A couple comments. Spending $130 on thinning shears will get you really nice thinners! I would recommend Geib. Mine were about $80 and are Dubl Duck - I really like them, though I'm sure $100+ thinners would be even nicer. The more teeth they have, the finer the cut. So shears with lots of teeth won't take off much fur and will be great for blending. Mine are 46 tooth and spaniel grooming isn't all that different from a GR, so I would recommend that. I'd rather start out with more teeth than less as you can always keep removing fur but you can't put it back if you take off too much. It will also reduce the scissor lines you leave while you're still learning the technique.

For resources, I would check out Pet Edge and Cherrybrook. I think they have better equipment and better prices than Drs Foster and Smith when it comes to good quality grooming products.

I would recommend going higher quality with your straight shears, and not bothering with blunt ended. I use my 7 1/2" shears for everything. $40 or so would probably be a good range (I think I spent $55 and mine have worked well). I don't cut whiskers anyway (I just like the look of them) but if you want to cut them you can do it with regular straight shears. I haven't found any situations where blunt ended shears would be better.

The grooming table looks ok, but expensive. I have this one and it's served me well. I see the same one at shows a lot so I think it's popular: https://www.petedge.com/zpetedgemai...859B56CFB3&show=12&view=grid&wec-locale=en_US

What type of brushes do you currently have? Using the right brushes makes a difference. 
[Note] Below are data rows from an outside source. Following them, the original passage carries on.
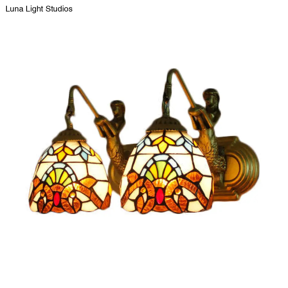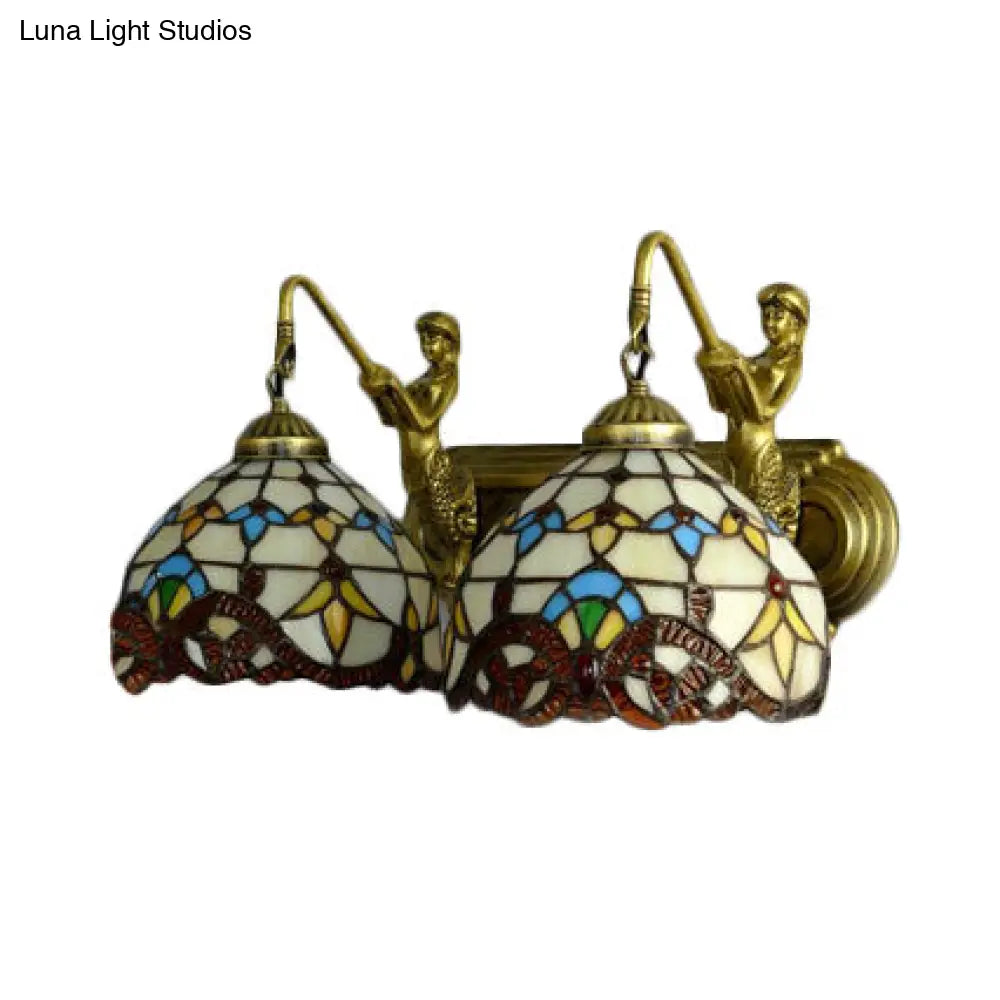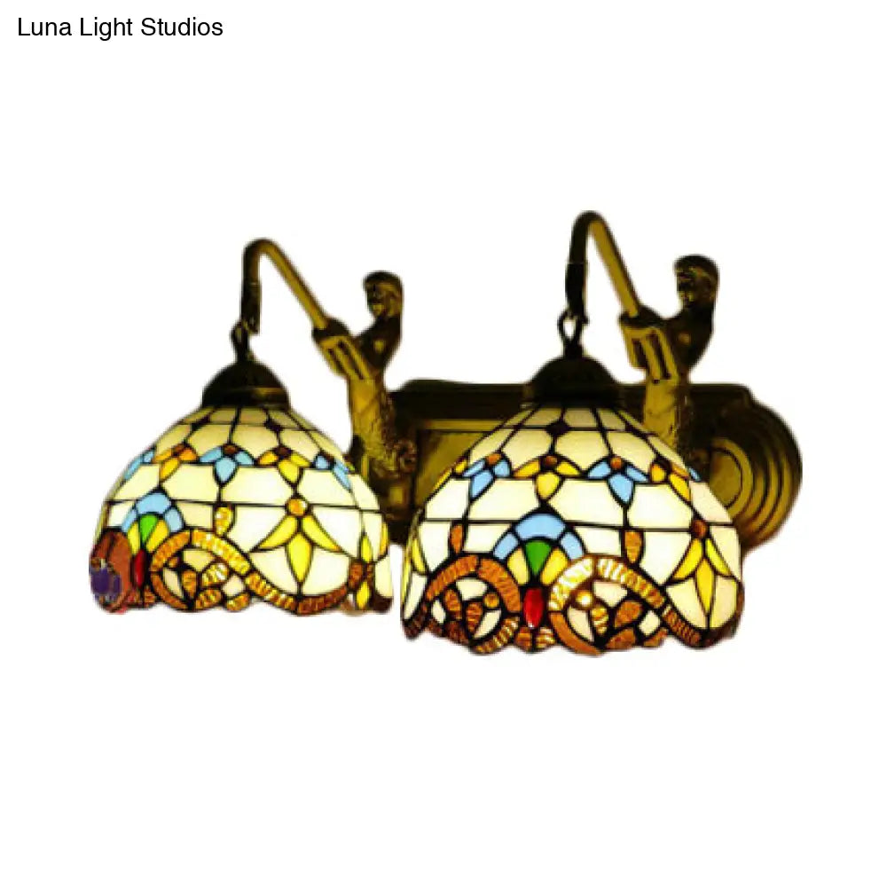 Aplique de pared con cúpula de vitral multicolor beige estilo barroco, 16"/18" de ancho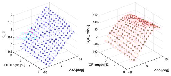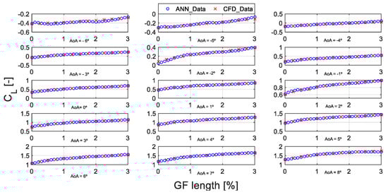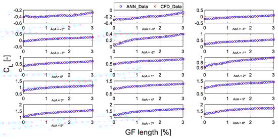 In order to evaluate the reliability of the ANN for use as the GF database during the operation of the AGF control strategy, a comparison between the input CFD data and the output data of the ANN for different values of the AoA (°) are presented in Figure 6 and Figure 7. The diagrams of Figure 6 correspond to the lift coefficient CL (-) and diagrams of Figure 7 correspond to the lift-to-drag ratio CL/CD (-).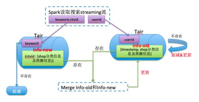 对于关键词定向,与用户定向的一个区别在于前者时效性要求很高,因此需要使用实时计算系统来处理用户行为,并将最后的结果保存在Tair集群。首先通过Kafka订阅用户行为实时流,以五分钟为时间片处理用户行为,查找用户ID和搜索词,如果搜索词过长,则进行分词,接着从Tair中查找出与该搜索词相关的店铺及店铺分类和打分(离线模型给出)。接下来会Tair中查找该用户ID是否有历史结果,若有,则读出,对之前的打分进行衰减(衰减方案见下文),并与当前新的打分进行合并;否则,将新的数据及时间戳写入Tair。该方案的流程图如下: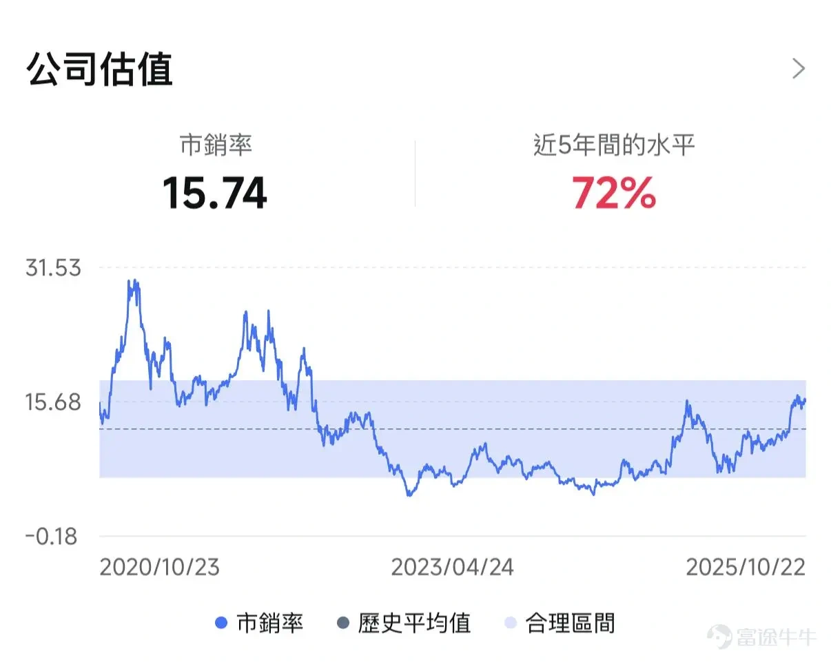 Tesla正处于「转型阵痛期」,传统卖车业务毛利受压,但AI、FSD与机械人等新业务正蓄势待发。现时市销率(PS)约16倍,在过去5年不算高水平,估值尚算合理(见下图)。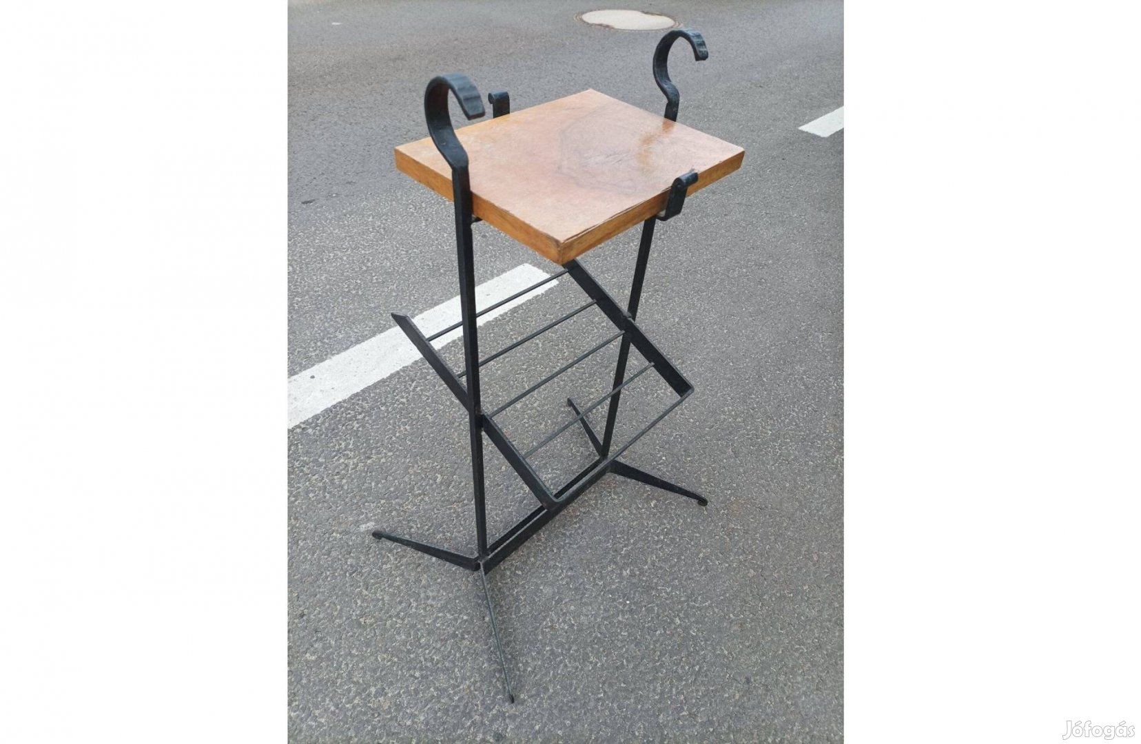 Kovácsoltvas szerkezetű, lerakó asztalka. Ideális kislámpa, telefon vagy dekorációs tárgyak elhelyezésére. Az asztallap alatt található rácsos rész kifejezetten folyóiratok és napilapok tárolására szolgál. Képek szerint, fém váz festést, fa rész csiszolást igényelhet. Átvehető Zuglóban.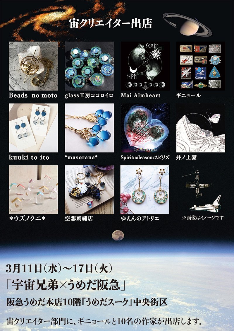 3月うめだ阪急のイベントに宙クリエイター枠で出展させていただける事が決まりました! 期間中は何日か在店予定なので、ぜひ遊びにいらしてくださいね。 3月11日(水)~17日(火) 「宇宙兄弟×うめだ阪急」 ※最終日は午後5時終了 http://guignol.jp/event/2020-03hankyu/ …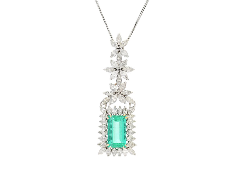 PENDANT/CHAIN, 14K white gold, chain in 18K white gold, baguette cut Colombian emerald 3,21 ct, marquise cut diamonds approx. 3,00 ctw, approx. R-Cr/P, height 45 mm, length 46 cm, weight 9,4 g, emerald has small notches and inclusions that reach the surface, a few diamonds has notches.
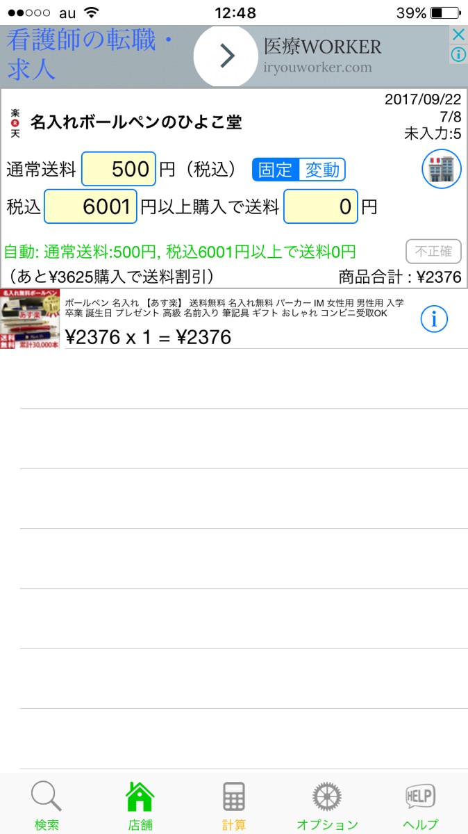 送料込みの価格を知りたい場合、未設定や違う地域に設定をしていると正しい価格が表示されなくなってしまいます。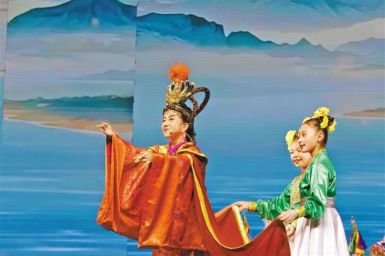 舞臺中央,12歲的其美卓嘎身著錦繡華服,以清亮唱腔和靈動演繹,將文成公主的溫婉堅毅展現(xiàn)得淋漓盡致?!爱?dāng)我穿上戲服、唱起‘漢藏情誼潔如璧’時,仿佛真的穿越到千年前的和親之路。”演出結(jié)束后,小姑娘眼中閃爍著興奮的光芒,“原來民族團結(jié)的故事,就藏在這些古老而動人的戲文里?!逼涓赣H倫珠難掩自豪:“文成公主促進了漢藏交融,女兒能表演這個節(jié)目,用藏戲詮釋民族團結(jié),是我們?nèi)业尿湴粒 ?/p>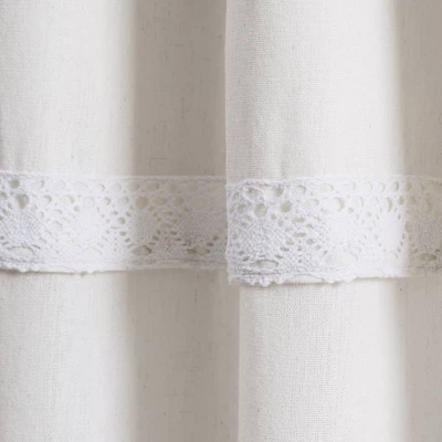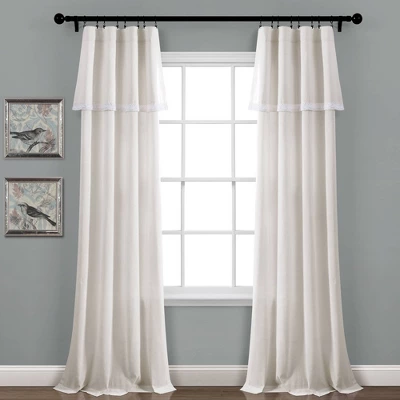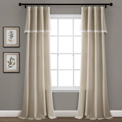 The stylish vintage look of this Linen Lace Window Curtain Panel Set adds texture and elegance to any room in your home. The lace border pops against the linen fabric. The slight weave variations are authentic to this natural fiber blend and create a relaxed look. Our Linen Lace Window Curtain Panel Set will instantly enhance the look of your room with its gorgeous ruffle top details. This set can be used in a formal dining room setting or a boho bedroom, and anything in between. The Linen Lace Window Curtain Panel Set is sold by the pair, so you will get two panels in each pack. The curtain measures 84 inches long and 38 inches wide. The Linen Lace Window Curtain Panel Set is made with a three-inch rod pocket, which gives you two options for hanging these in your home. You can slip the curtain rod through the rod pocket, or you can hang the panels from the rod with clip rings as shown in the photos. When it comes time to care for the Linen Lace Window Curtain Panel Set, we do recommend dry cleaning or hand washing. Part of the Linen Lace Collection. Oeko-Tex certified.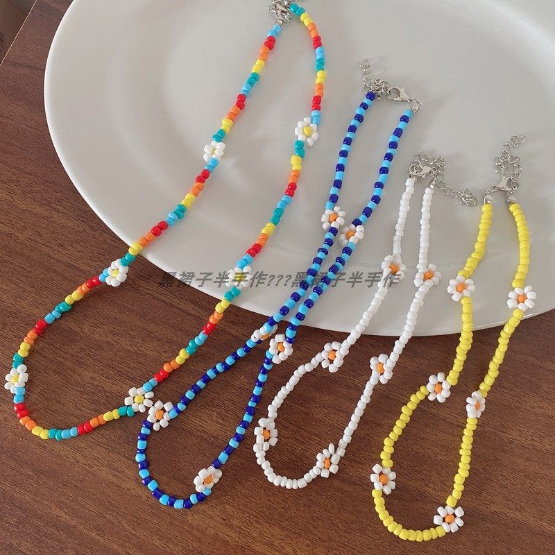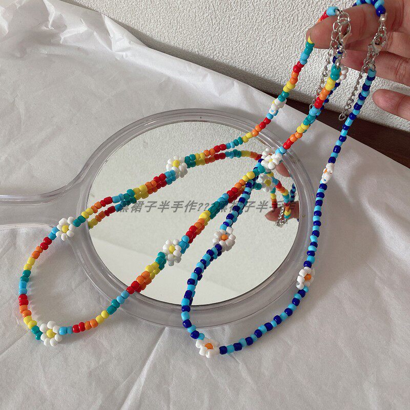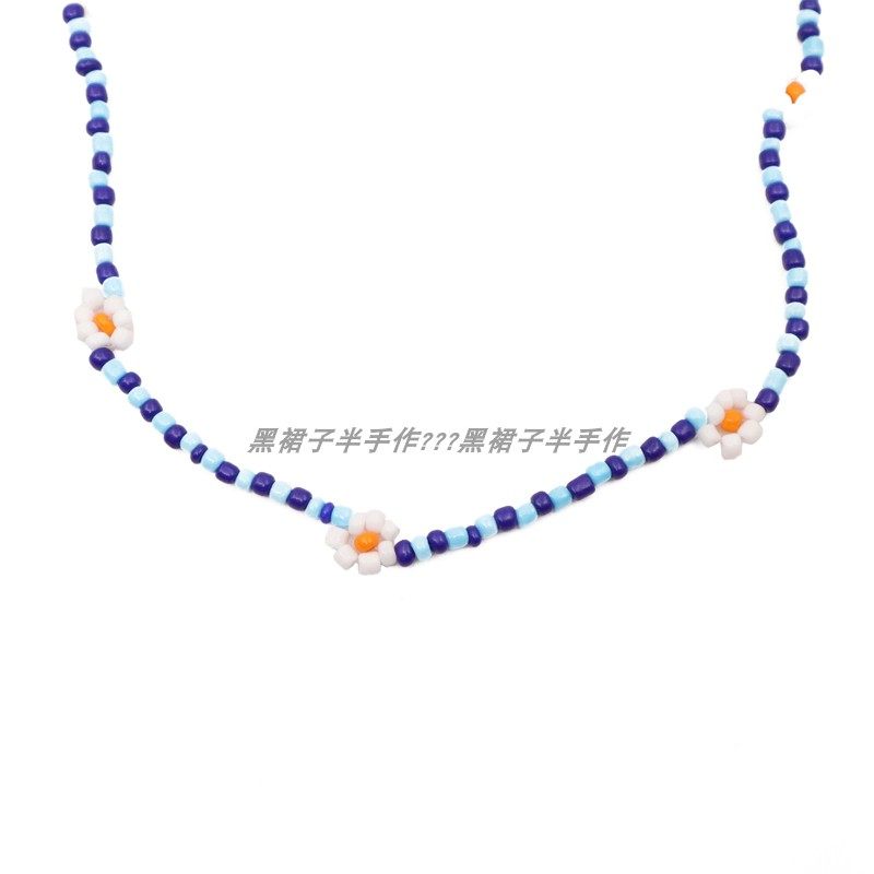 夏天的风~彩虹米珠项链蓝白色小清新花朵手工编织脖子链叠戴颈链

For stripping knives, I would get a coarse regular knife similar this to start. There are few different brands out there, but it's this style that you're looking for: https://www.petedge.com/zpetedgemai...177A466FB3&show=12&view=grid&wec-locale=en_US

I also own a fine bladed knife that I love for certain areas of the dog (top of head, ears, second thighs) so getting a set might not be a bad idea. For general carding of the coat the coarse is what you need. You want them dull, so take a little time to dull them by cutting through cardboard or wood.

I don't use a drier, but I know that a good forced air drier is key to grooming the GR and getting out the shed coat.

Good luck! You should post before and after pics of your boy.


----------



## Kathyy (Jun 15, 2008)

As for pulling undercoat Graco22, a member here, has put up a video on how to do it with a stripping knife.
http://youtu.be/D6vy4NnsrTQ

You can use a metal flea comb too. She wrote that my beloved Mars Coat King would cut coat so for a year I used the flea comb. I didn't see any difference plus it didn't work as well so back to my MCK I went. Max looks so shiny when I have removed old undercoat and it keeps debris from starting up mats and snarls.

I have Geib DoubleDuck thinning shears and they are scary good. Don't mess with cheaper but these are likely good enough for your needs. If I buy new plain shears I do want round tipped as I might be less concerned about poking Max's toes and webs and such but the $1 store specials have been just fine so far in spite of all that fuzz he has going on down there so no excuse to buy any yet and I have been trimming those fuzzy feet for 13 years with the same cheap scissors!

Find out more about using this tool for GR but I do like using a stripping stone for his fuzzy lower legs. He tolerates it better than a knife or hand plucking. Max has a horrible 'spay coat' and his undercoat overgrows the shiny hard top coat especially on his legs which is extremely ugly.

While coats vary and your dog may or may not have whatever a correct GR coat is supposed to have pulling old undercoat out seems key to good grooming to me.


----------



## elrohwen (Nov 10, 2011)

Kathyy said:


> Find out more about using this tool for GR but I do like using a stripping stone for his fuzzy lower legs. He tolerates it better than a knife or hand plucking. Max has a horrible 'spay coat' and his undercoat overgrows the shiny hard top coat especially on his legs which is extremely ugly.


Totally forgot about grooming stones, but I love mine. I might actually love it more than the stripping knives so I can't believe I forgot to mention it.

And I forgot about Graco's video too. She was so helpful with selecting equipment when I first got Watson.

ETA: I would look around on YouTube for videos before buying the DVD. A quick search brought up some about show grooming.


----------



## I8chrispbacon (Apr 11, 2014)

Not a dire need or anything, but you should get a miracle coat brand brush! It's not expensive, and it will embarrass the petsmart ones, not that there's anything wrong with those. The miracle coat is just so much better!


----------



## Chichan (Apr 1, 2014)

To add to what's already been said,
using a leave-in conditioner spray before you brush your dog (everyday or however often you do it)
will give them a gorgeous and soft coat.


----------